“I would not have lost.”
“Yes you would. Perfection is your weakness.” Yukimura stowed his racquet away and held out his hand, eyeing its steadiness critically. “That’s why you lost last time, too.”
Sanada snorted. “That was chance. A chance no sane player would have counted on. It won’t happen twice.”
Yukimura shook his head and smiled, though his eyes still glinted sharp and cool. “You know your own strength. And, unlike nearly every other player in the middle school or high school circuit, your confidence in it is fully justified. And that,” he added, pointedly, “is what slows you down in face of the unexpected.”

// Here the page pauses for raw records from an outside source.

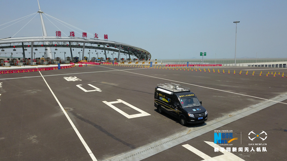 這是港珠澳大橋收費廣場(10月20日無人機拍攝)。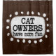 "Cat Owners Have More Fun" is a cute text design in brown with black text, along with a white accent shape and white textured whimsical dots surrounding it.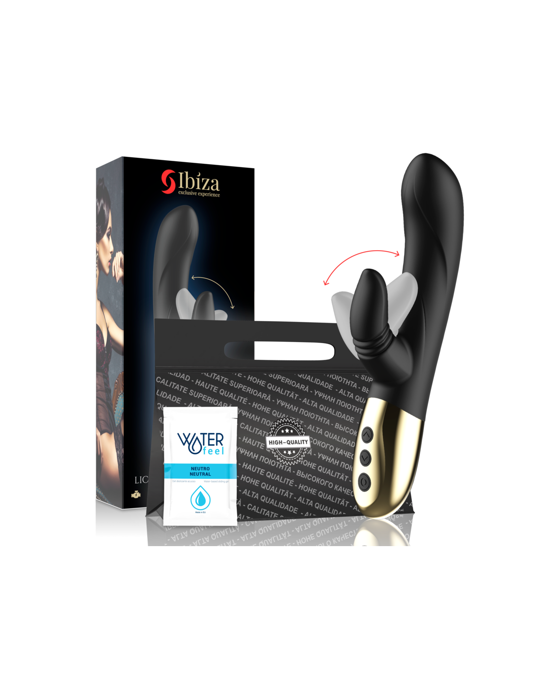 Kalbant apie patogumą transportuojant ir diskretiškumą, „Ibiza“ pradeda nuo inovacijų, nes mes taip pat manome, kad tai yra labai svarbi erotinio žaislo pirkimo patirties dalis. Pirkdami žaislą iš „Ibiza“, gausite aukščiausios kokybės dėžutę su juodu nešiojimo maišeliu viduje, kuriame rasite žaislą, įkroviklį ir vienkartinės dozės „Waterfeel Neutral“ lubrikanto paketėlį, kad klientui pirmoji patirtis būtų kuo malonesnė ir jis galėtų diskretiškai pasiimti žaislą kur tik nori.

Sanada frowned, leaning back against the low wall around their courts. He wanted to say he didn’t need to develop new responses, because his tennis already had perfected responses to any situation. If that had been true, though, Atobe would not have taken so many points from him this afternoon. “Perhaps.”
Yukimura tossed his bag up onto the grass and leaned beside Sanada, sighing. “I hadn’t thought it would matter. Until now it’s really only been Tezuka we had to think of. You know his strength, too; I knew you wouldn’t underestimate him. But this Echizen…”

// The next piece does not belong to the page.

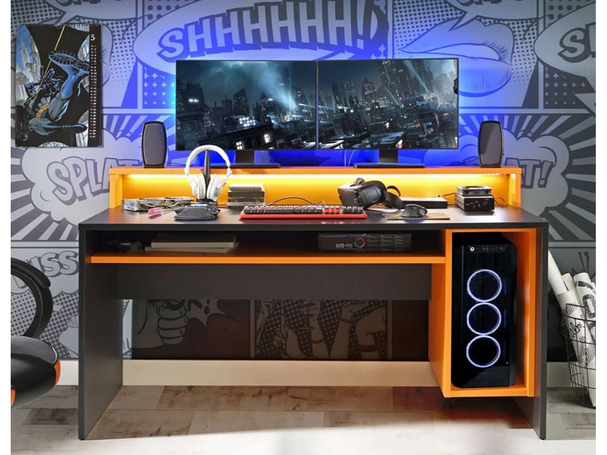 Gaming-Stuhl mit Fußstütze Schwarzes und orangefarbenes Kunstleder

“Mm.” Sanada’s mouth tightened. “Our margin of superiority against Seigaku is going to be lower than we had planned for,” he admitted.
Yukimura looked over the emptying courts, distant and thoughtful. “Tezuka. Echizen. Perhaps even Fuji.” He was quiet for a moment. “We’re going to have to push Akaya harder. If we can bring out his true strength by the time we face Seigaku, we’ll have the advantage again.”

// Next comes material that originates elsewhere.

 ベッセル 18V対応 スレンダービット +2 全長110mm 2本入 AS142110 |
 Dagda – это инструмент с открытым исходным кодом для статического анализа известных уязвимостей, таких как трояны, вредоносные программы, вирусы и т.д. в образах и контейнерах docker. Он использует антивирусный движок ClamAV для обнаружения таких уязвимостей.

Sanada nodded; he’d actually quite like to see what form Akaya’s real game would take, before they had to leave their kouhai to his own devices.
Yukimura thumped him lightly on the shoulder. “And you have to take care of your own problem.” He pushed up to his feet and slung his bag over his shoulder. “I don’t care how you do it. But we can’t afford to have you paralyzed whenever someone besides Tezuka actually manages to push you.” He looked back over his shoulder, laughter bright and wicked and cutting in his eyes, the way it hadn’t been for too long. “Hurry up, too, or I’ll do it for you.”
Sanada gave his friend and captain a rather dour look. Yukimura’s notions about how to help out teammates who were stuck in their training were… strenuous.
Yukimura laughed.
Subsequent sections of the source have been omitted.